Negligible amounts of the classical Th-2 cytokines IL-4 and IL-5 were detected in our previous studies of MV-stimulated PBMC culture supernatants (12,21), thus IL-10 rather than these cytokines was measured in the current study, as IL-10 plays a critical role in inhibiting the activity of Th-1 cells, natural killer (NK) cells, and macrophages (3,15). Additionally, other studies have detected IL-10 secretion in PBMC cultures of individuals previously vaccinated with MV (3,15,33). In this study, we observed strong measles-specific secretion of IFN-γ, and high numbers of IFN-γ-secreting cells with only slight secretion of IL-10 (Table 1), which suggests a Th-1-biased recall immune response 7.4 years following the second MMR vaccination. In addition, this conclusion is further strengthened by the detection of moderate secretion of IFN-λ1, a cytokine that has been shown to induce a Th-1 bias (25,26), highlighting the important role of CMI in developing a robust, persistent immune response following measles vaccination.

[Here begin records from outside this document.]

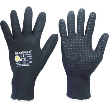 15ゲージ編、EN388規格:耐摩耗レベル4・耐切創レベル1・耐引裂レベル3・耐突刺レベル1、コーティング:全体(裾部分まで)・ドット付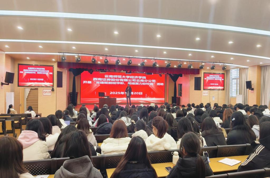 为积极响应金融行业数字化转型与绿色金融发展对高素质人才的需求,深化校企协同育人机制。2025年11月20日下午,公司与西南证券股份有限公司云南分公司在联大校区田家炳书院416报告厅联合举办“党建赋能绽华彩、团建聚力纷校园”主题活动。本次活动以“新时代、新金融、新青年”为主题,通过党建共建引领,汇聚校企力量,共同探索“党建+金融”育人新路径。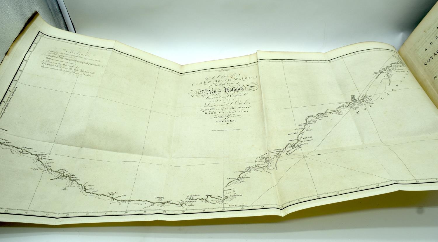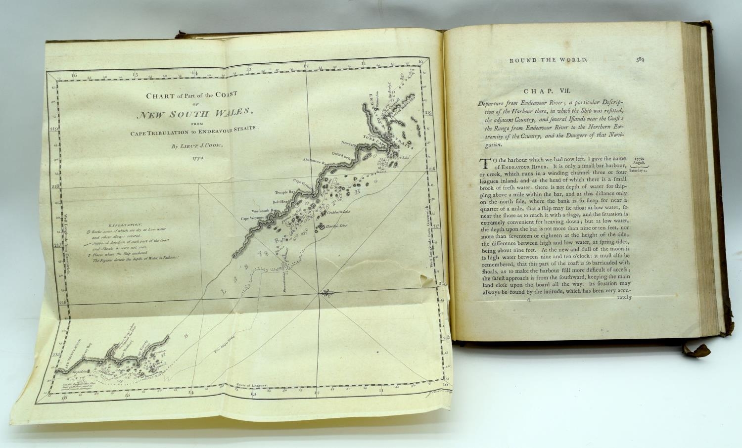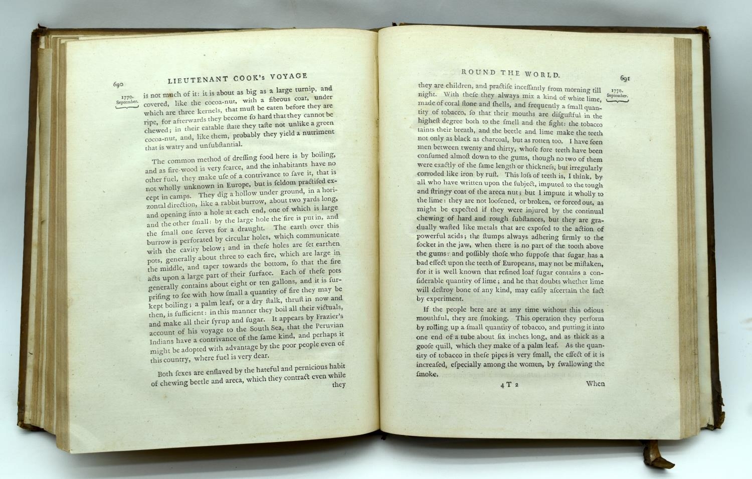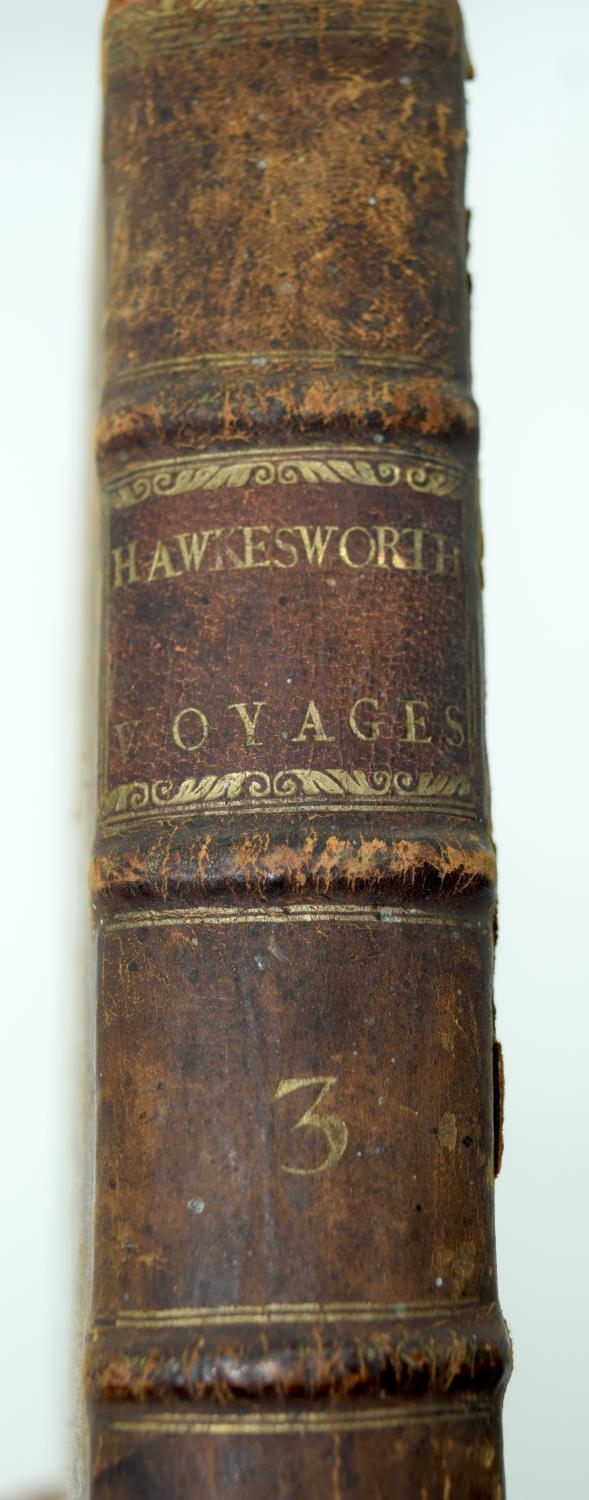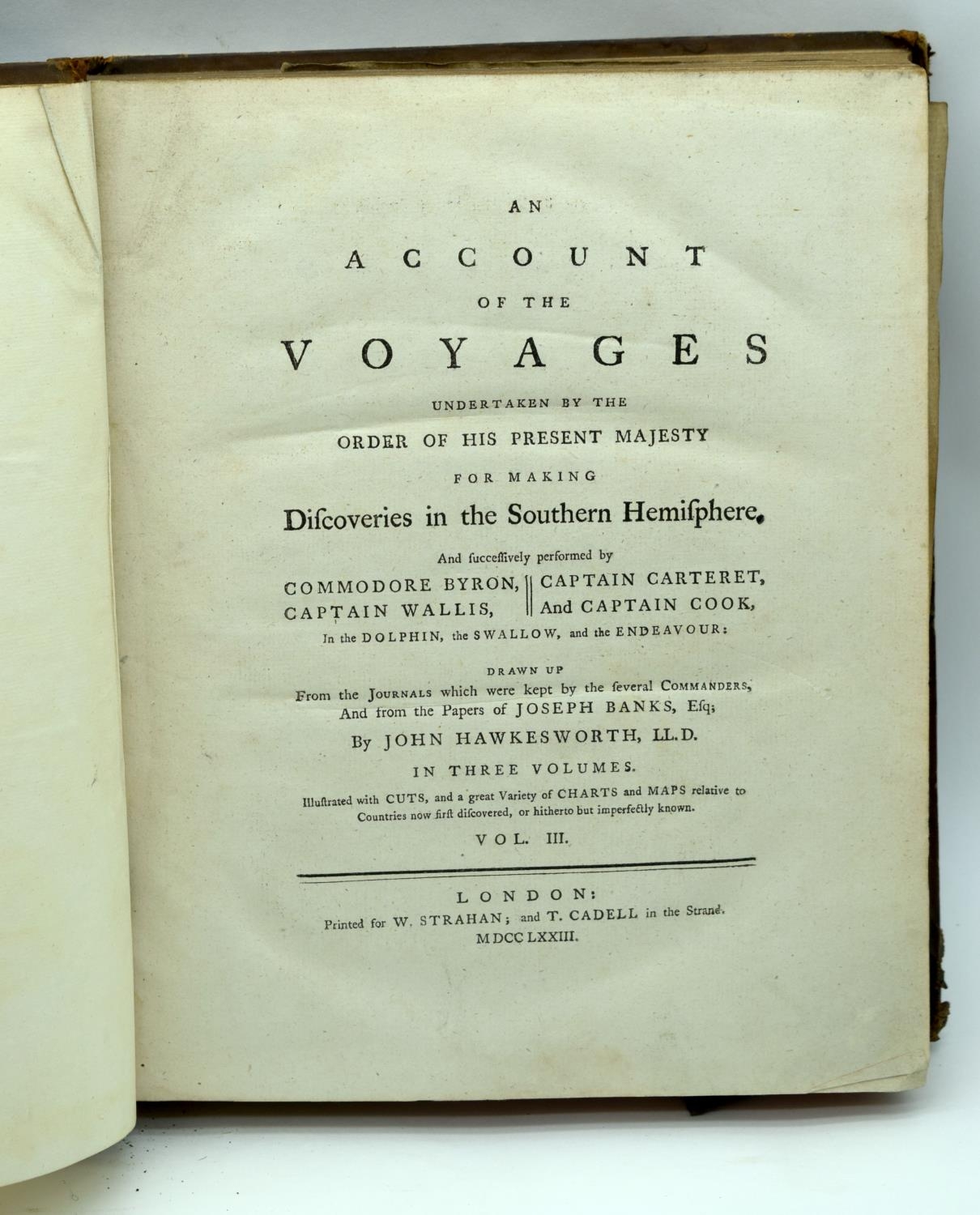 The 1773 book of an Account of the Voyages of Discoveries in the Southern Hemisphere by Commodore Bryon, Captains Cook, Wallis and Carteret. Volume III by John Hawkesworth 28 x 23 cm.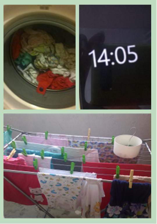 14:05 Машинка закончила стирку. Иду вешать белье. В этот раз мне почему-то никто не помогает( Дочь зависла у телевизора.

Gender differences have also been associated with differences in measles antibody titers. A study of children and adults that had previously been vaccinated with MV containing vaccine from Catalonia, Spain (≥15 years of age) found that females have significantly higher measles-specific IgG titers following vaccination compared to age-matched males (13). No studies have shown gender associations with measles-specific CMI responses.

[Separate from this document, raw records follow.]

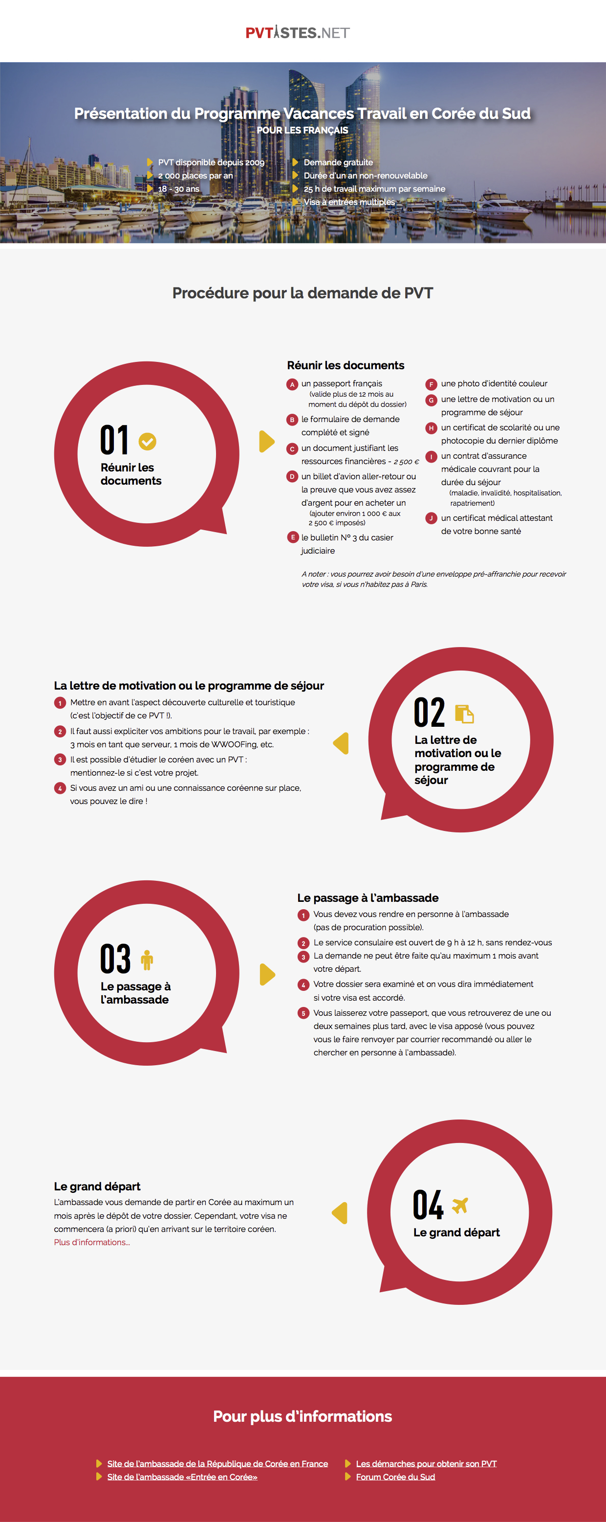 J'aimerais votre avis sur cette infographie, savoir si elle correspond bien aux démarches actuelles pour obtenir en PVT Corée pour les Français. Si vous avez des remarques ou des ajouts à faire, n'hésitez pas à laisser un commentaire !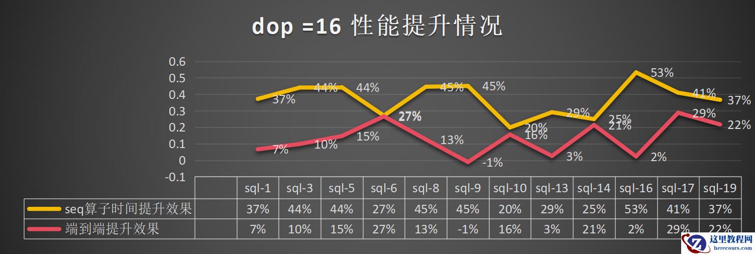 dop=16:总体算子提升为37%,端到端的提升为13%: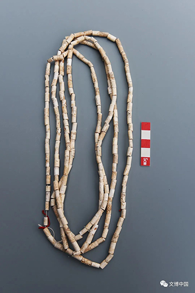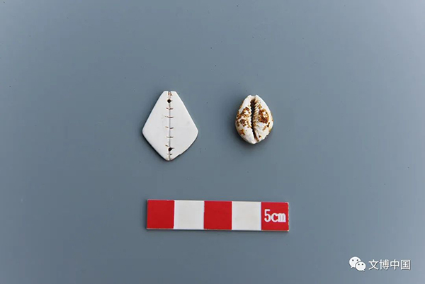 第一期基本属于魏营子文化范畴,只发现少量灰坑,出土陶器以夹砂绳纹灰褐陶为主,素面者约占三分之一,典型陶器为绳纹花边鬲。另还发现仿海贝的石贝,用白色石片磨制而成,菱形薄片状,长2.5、宽2、厚0.2厘米,正面刻划仿贝齿的短细线,顶端及底端各一穿孔。
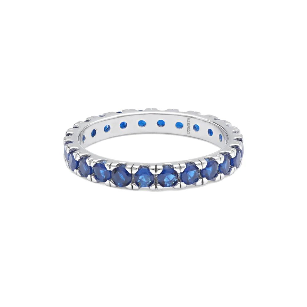 Elegante Anello tutto giro in Argento 925‰ caratterizzato da una fila ininterrotta di lucenti zirconi di colore blu.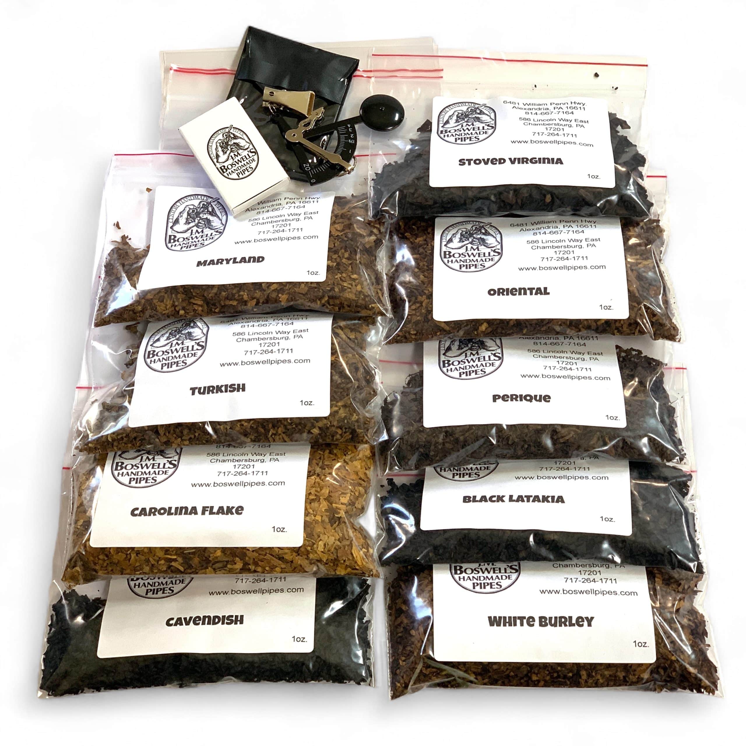 1 ounce each of BLACK LATAKA, CAROLINA FLAKE, MARYLAND, ORIENTAL, PERIQUE, CAVENDISH, STOVED VIRGINIA, WHITE BURLEY AND TURKISH.

Males have been shown to have a greater CMI response (higher stimulation index [SI] in lymphoproliferation) to rubella virus at 2 and 4 week post-MMR vaccination, and to varicella zoster virus (higher frequencies of VZV-specific CD4⁺ T cells in healthy naturally immune adults) compared to females; thus it is feasible that CMI responses to measles vaccine also vary by gender (28,32). By assessing measles-specific cytokine responses 7.4 years following the last immunization, our study found that females secreted greater in vitro levels of innate/inflammatory cytokines (IL-6, TNF-α, and IFN-α) compared to males.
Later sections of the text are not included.